From 1890, children from so-called “criminal tribes” were forcibly removed from their parents & institutionalised. The history of forced child removal in settler colonies (like Australia) is well known, but comparable practices in British India have received little attention.
I’m @HinchyJessica. This thread continues our series on the history of the Criminal Tribes Acts, centering children in this story.“Criminal tribe” was a colonial term for diverse socially marginalised and nomadic peoples whom the British considered criminals by caste occupation.2
The image above is a Salvation Army postcard of “CT” girls from an unnamed SA penal settlement, dated 1932. Disturbingly, the back is a “happy xmas” msg. Whether they were removed from their parents is unclear. More on missionaries below… 3
Colonial officials often saw children as central to the CTA. In certain periods between 1871 & 1947, the prevailing official opinion was that only “CT” children, not adults, could be “reformed” & given a “moral education.” At its extreme, this legitimized forcible child removal.4
Under the CTA, criminalised people could be either (a) restricted to their place of residence (usually a village) or (b) forcibly transported to a penal settlement & subjected to forced labour. For an overview of everyday life under the CTA: 5
The 1871 CTA did not include any provisions permitting child removal. But between 1890 & 1897, Uttar Pradesh (then North-Western Provinces & Oudh) forcibly separated some “CT” children from their parents.

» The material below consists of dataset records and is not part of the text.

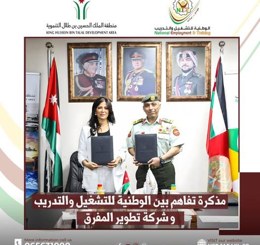 The National Employment and Training Company has signed a Memorandum of Understanding with Mafraq Development Company, aimed at strengthening cooperation in vocational and technical training, and expanding training programs to meet the needs of the labor market and investors in the King Hussein Bin Talal Development Area – Mafraq.
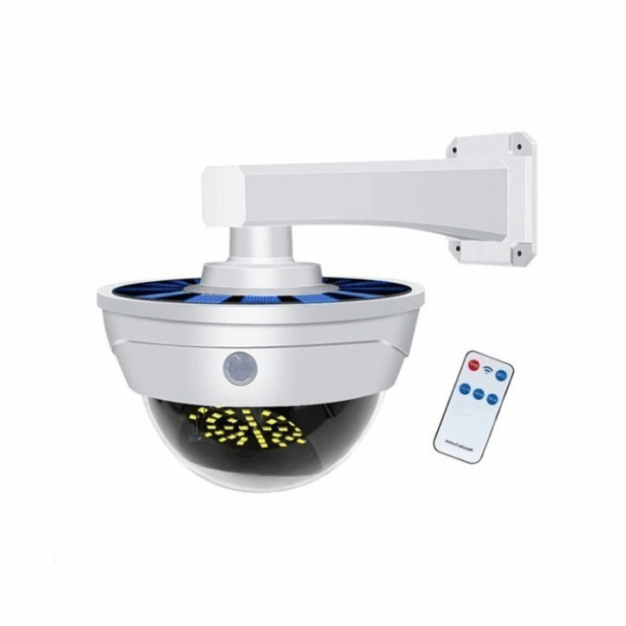 Ηλιακός προβολέας LED COB με πάνελ φόρτισης και αισθητήρα κίνησης, σε σχεδιασμό κάμερας ασφαλείας.
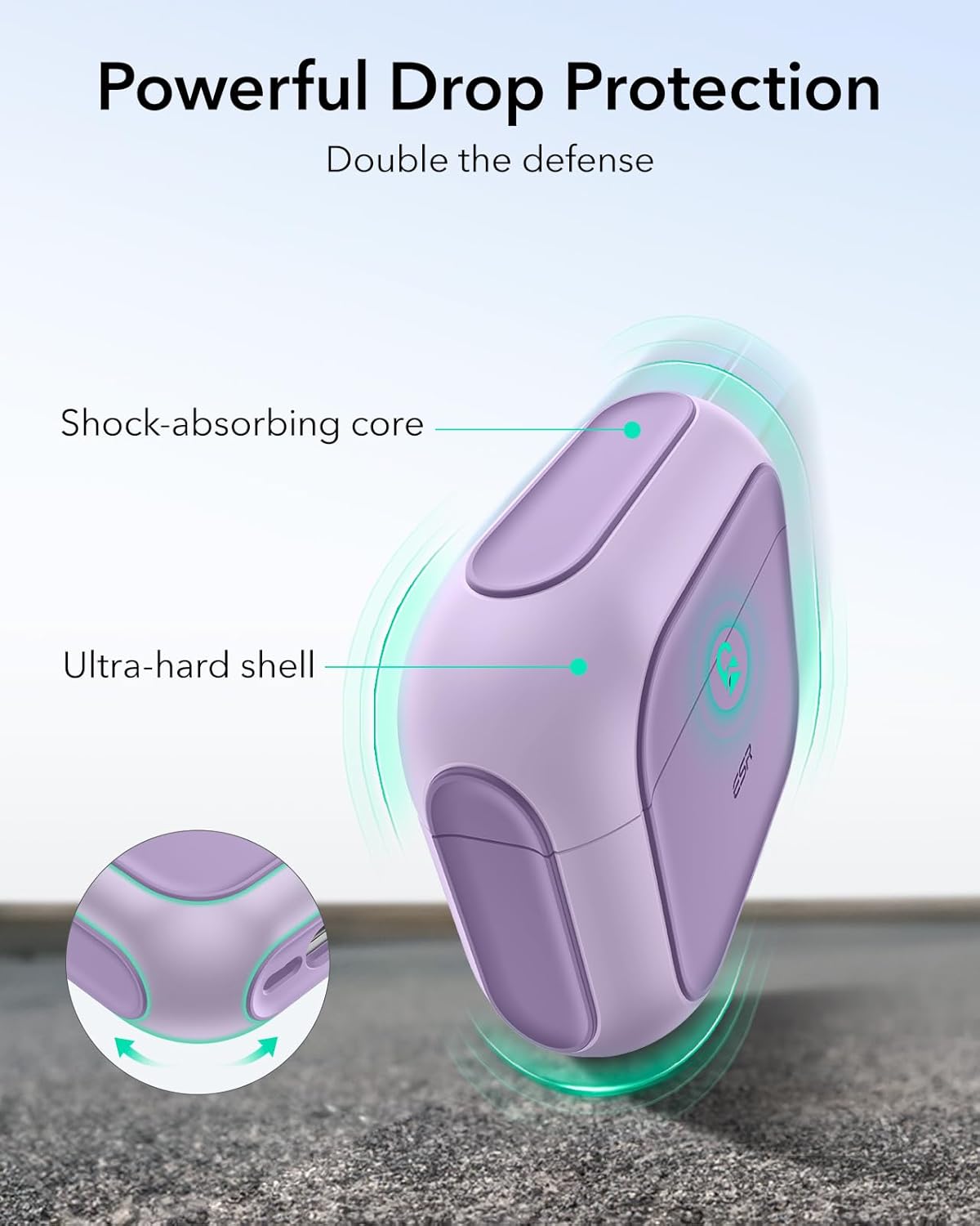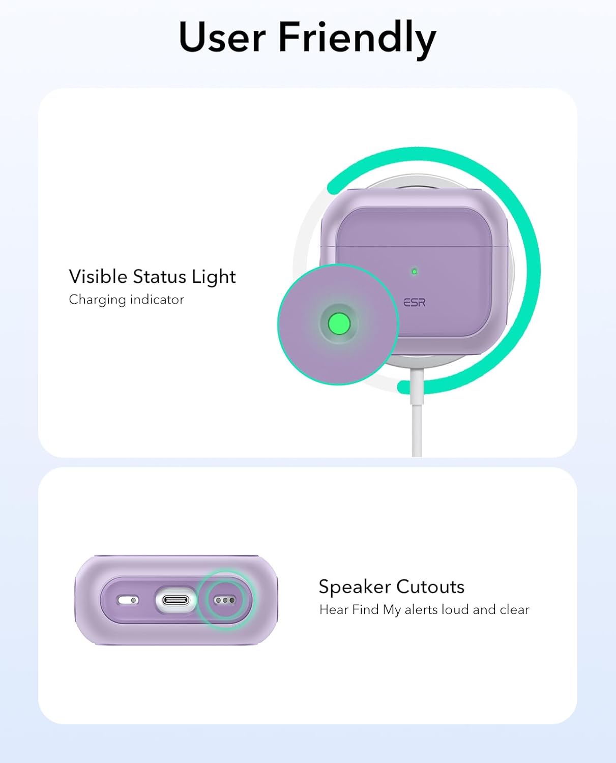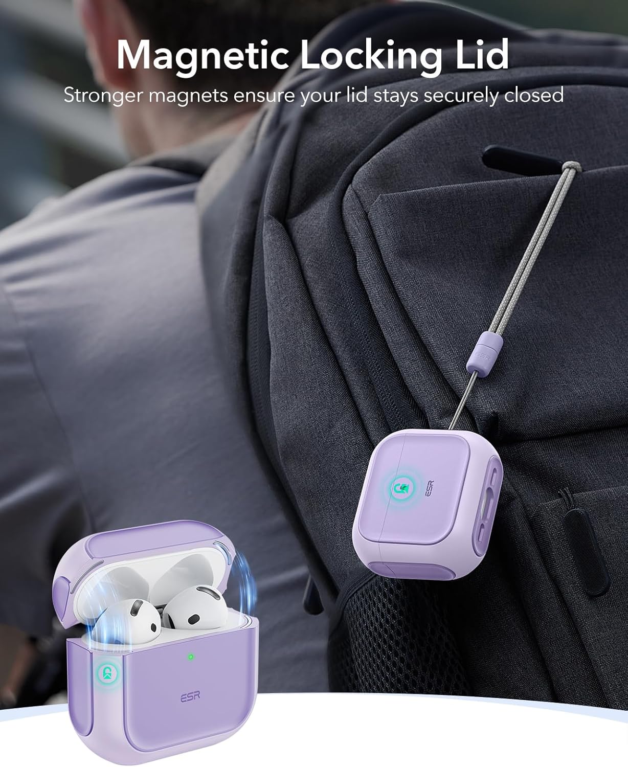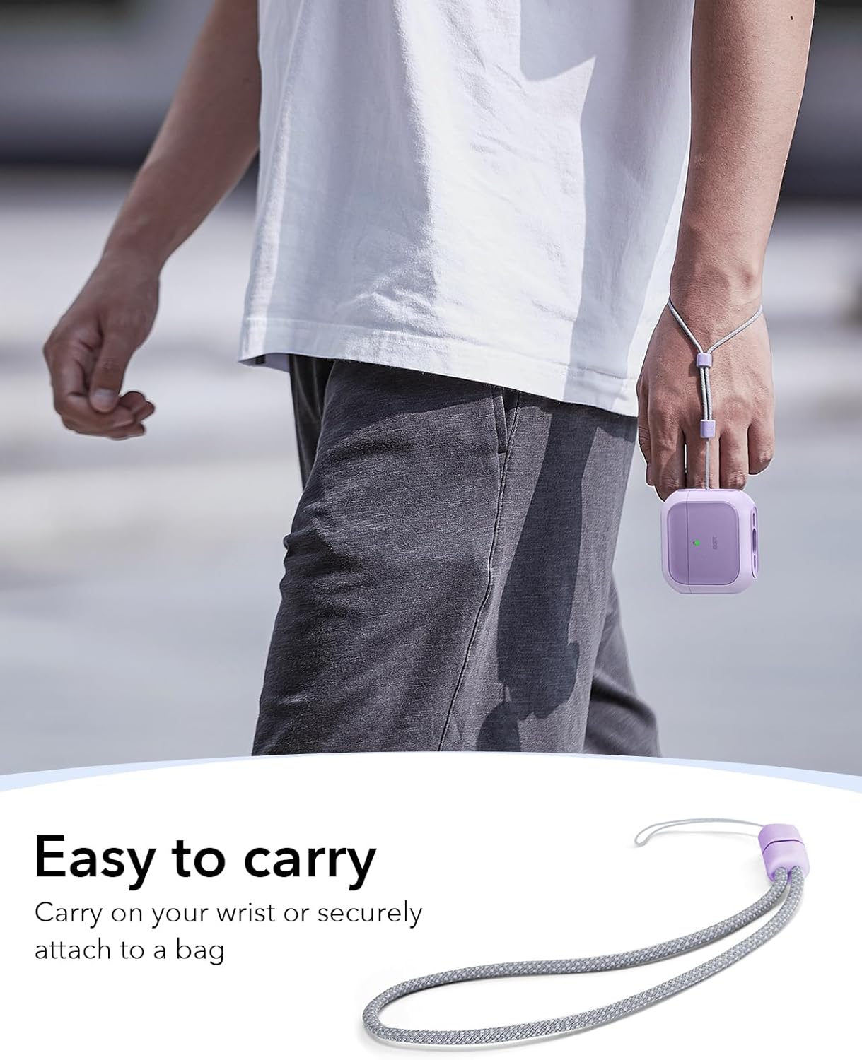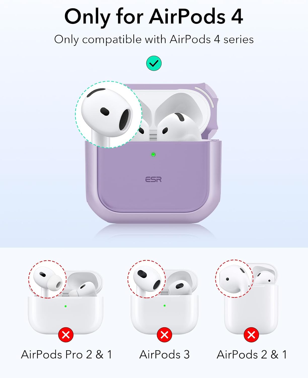 ESR калъф за AirPods 4, съвместим с AirPods 4 Gen (2024) (USB-C), поддържа безжично зареждане, защитен калъф с каишка за китка, магнитен капак, хибриден калъф Orbit, лилав
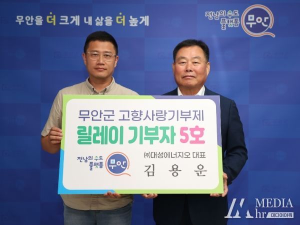 미디어아워 이다정 기자 | 전남 무안군은 고향사랑기부제의 성공적 안착을 위해 추진하고 있는‘무안군 고향사랑기부 릴레이’에 ㈜대성에너지오 김용운 대표와 대경스틸(주) 이병익 대표이사가 각각 5호, 6호로 참여했다고 23일 밝혔다.
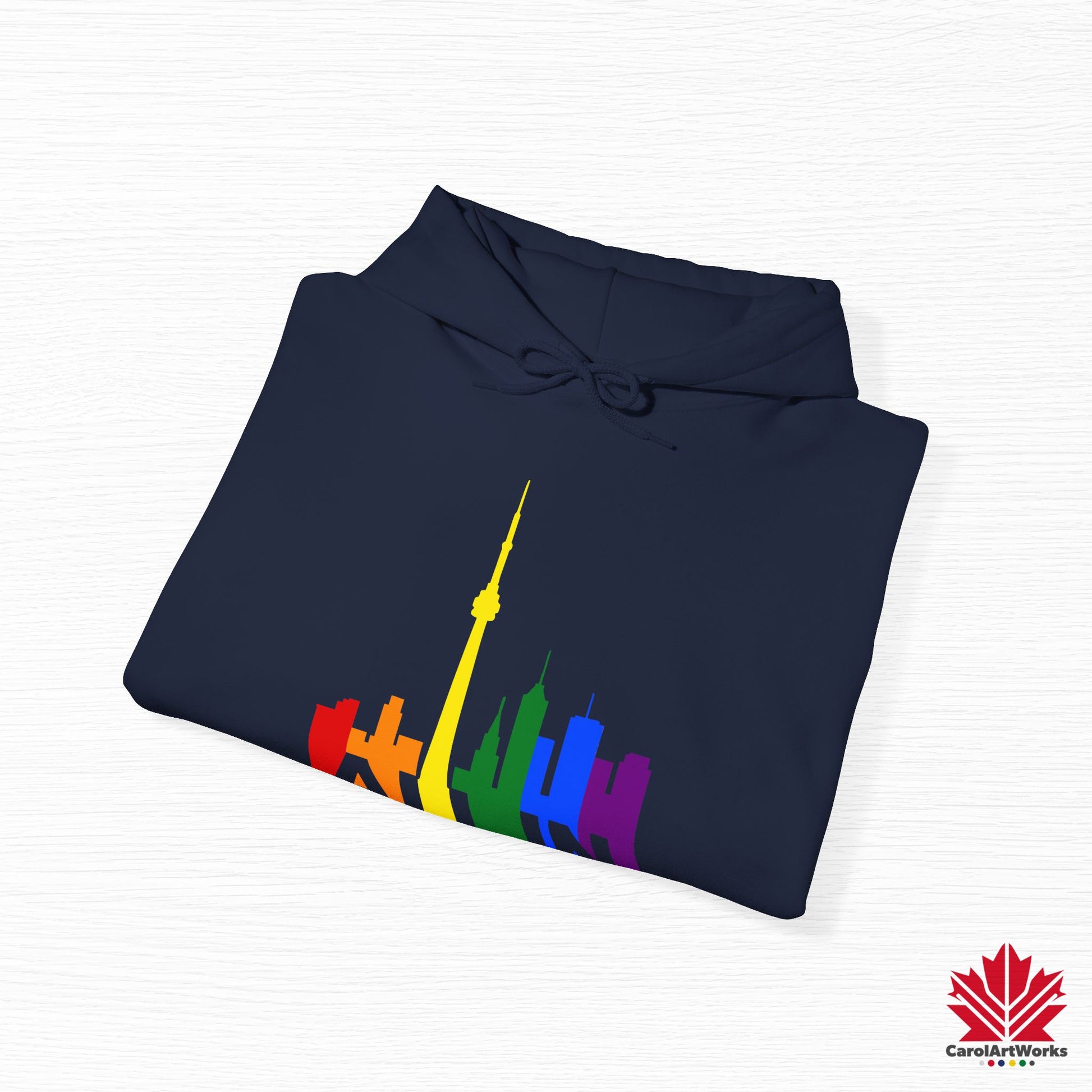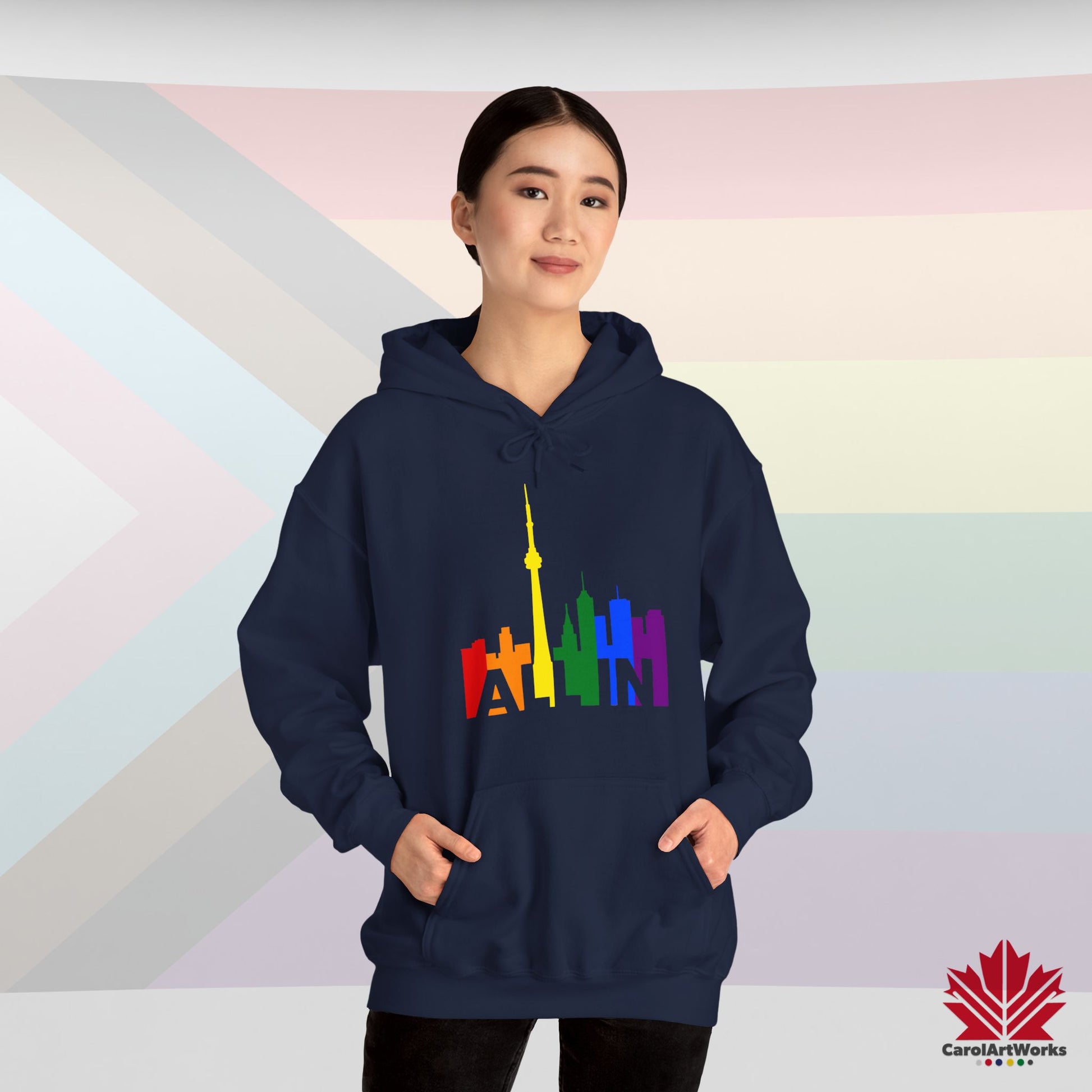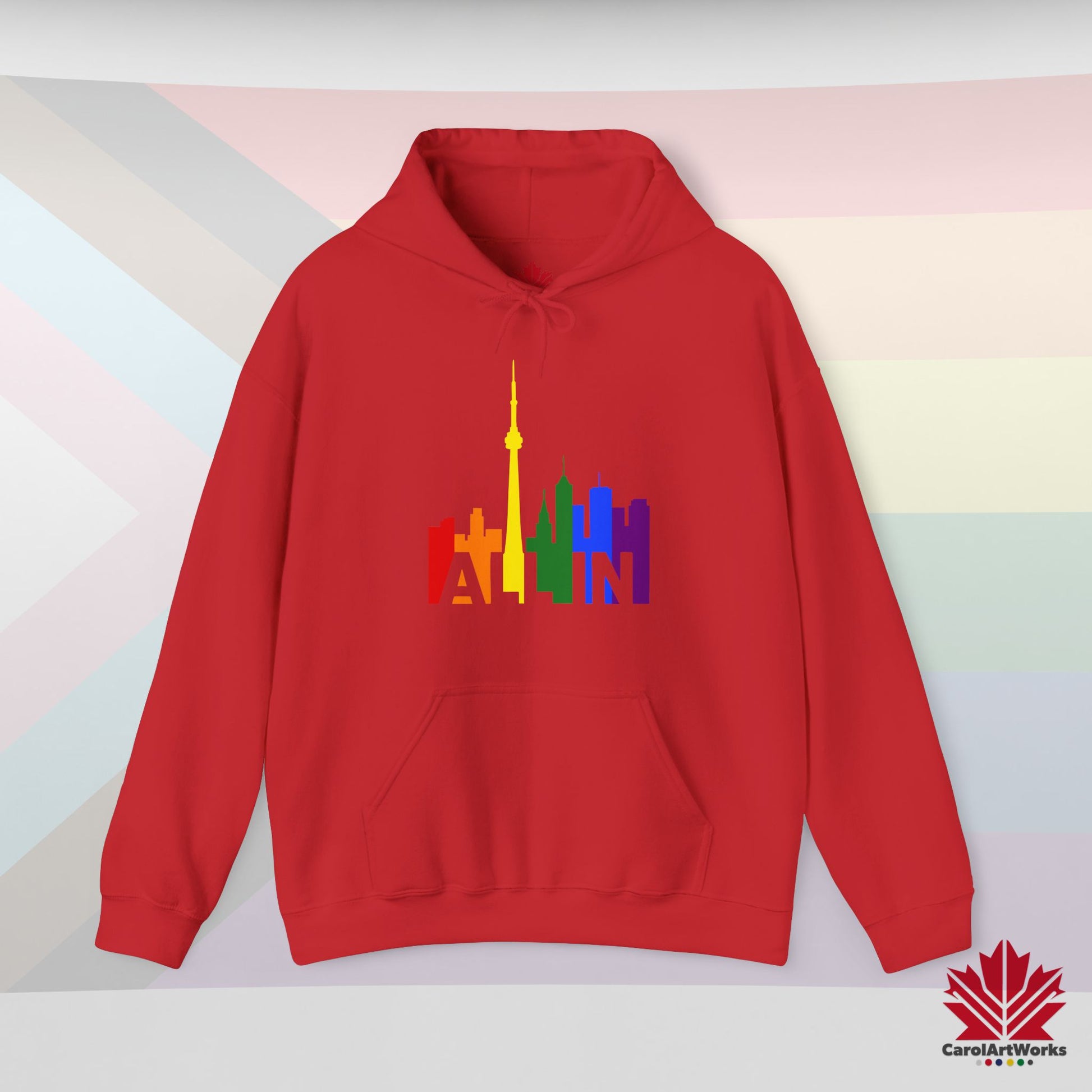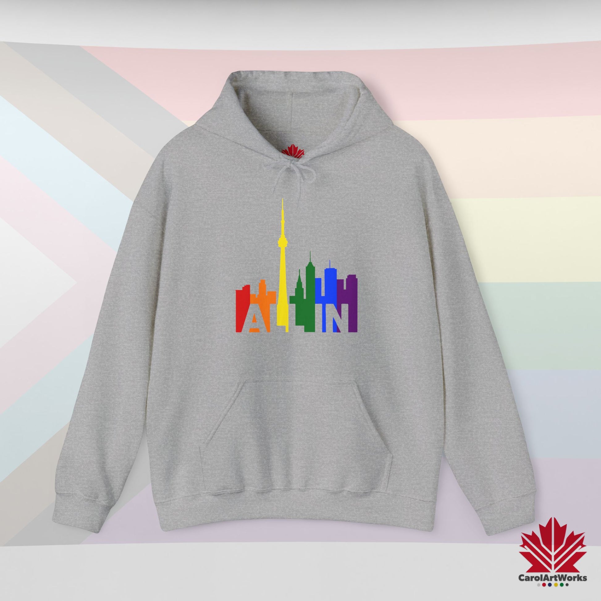 This hoodie brings the message of Pride into the colder months – with warmth, weight, and unshakable presence. Featuring the CN Tower and the vibrant Toronto skyline, the slogan “ALL IN” becomes your wearable declaration of identity and inclusion.
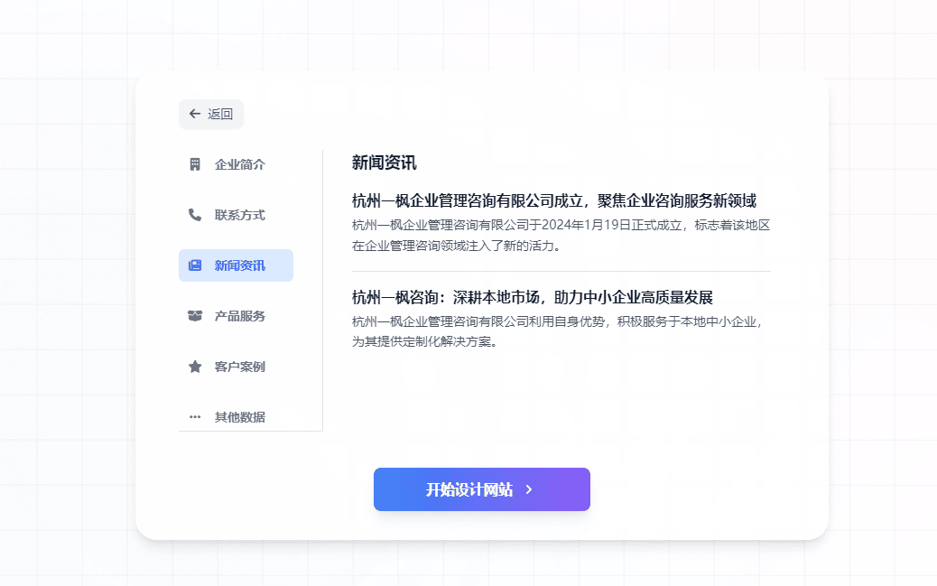 新闻资讯传递企业动态,初始生成 2-3 条基础资讯,可补充 “最新活动”“行业观点”,提升站点活跃度:
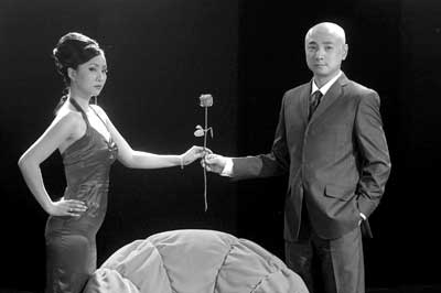 5月30日下午,记者走进煤矿文工团的安源小剧场,只见陶虹身穿一件紫红色的露肩晚礼服,徐峥则穿着一身笔挺的西服。他们两人分别站在一个红色布艺沙发的两侧,头顶上是大量的聚光灯。剧场里的阵势和时尚节目的拍摄别无二致。可是,陶虹、徐峥却是在为他们二人主演的戏剧《最后一个情圣》拍摄电视宣传片。

The Govt of India required that children could only be removed with parental consent, or as punishment for a “breach of discipline” (though this was not a punishment proscribed in the CTA). But there is no evidence that either condition was fulfilled. 7
In 1890, the UP Lieutenant-Governor “weeded out” children from Sultanpur settlement to send to a children’s “Reformatory Settlement” in Fatehgarh. He told the parents their children would become “robbers” & “prostitutes” if not removed. He did not mention the parents’ consent 8
These children were from the official “Sansi” category, which actually included multiple socially marginalized & nomadic communities. The evidence suggests child removal between 1890-6 was forcible & illegal. 9
In 1896 the NWPO govt admitted parents ‘had never acquiesced in their forced separation from their children.’ Children were sent to Fatehgarh without any details of discipline/rule violations. F's Committee of Visitors could not confirm that the detention of children was legal.10
Immediately, parents lobbied officials to see their children. In January 1891, “Some of them asked that they might be allowed to visit the Reformatory at Fatehgarh with a view to seeing their children.” 11
Parents determinedly protested the removal of their children. The UP’s Secretary (top bureaucrat) wrote that ‘On no point had they been more persistent in petitioning the Government to alleviate their lot.’ (27/10/1896). 12
Between 1890&1896, the UP came up with numerous justifications for removing children without parental consent. E.g. an 1891 policy held that children “whose presence…hindered the parents from doing full labor” could be removed. Child removal was clearly intended to discipline 13
and control parents. If they didn’t behave or work hard enough, they might be separated from their children. Between 1890 & 1896 there were between 80-115 children in Fatehgarh, so perhaps 150-200 “Sansi” children were forcibly removed. 14
Around 100-150 Barwar boys were also “apprenticed” to factories in Kanpur in the 1890s. The extent of parental consent in this case is unclear. Criminalised people likely had limited scope to object to family separation, in the context of the CTA policing regime. 15
The protests of “Sansi” parents led the UP govt to halt forced child separation in 1896. An 1897 ammendment to the CTA made child removal legal without parental consent. But thereafter the implementation of child removal was uneven... 16
precisely because it was such a drastic intervention in criminalised peoples’ lives & prompted significant resistance. The UP govt expanded family separation from 1911. I am still researching this period, so the notes below are based on preliminary research. 17
By this time, religious organisations (especially the Salvation Army) ran many “CT” penal settlements. The UP set up new “CT” children’s penal settlements at Rura, Phulpur and Gorakhpur, run by the Salvation Army. The UP wanted to work towards large-scale child removal.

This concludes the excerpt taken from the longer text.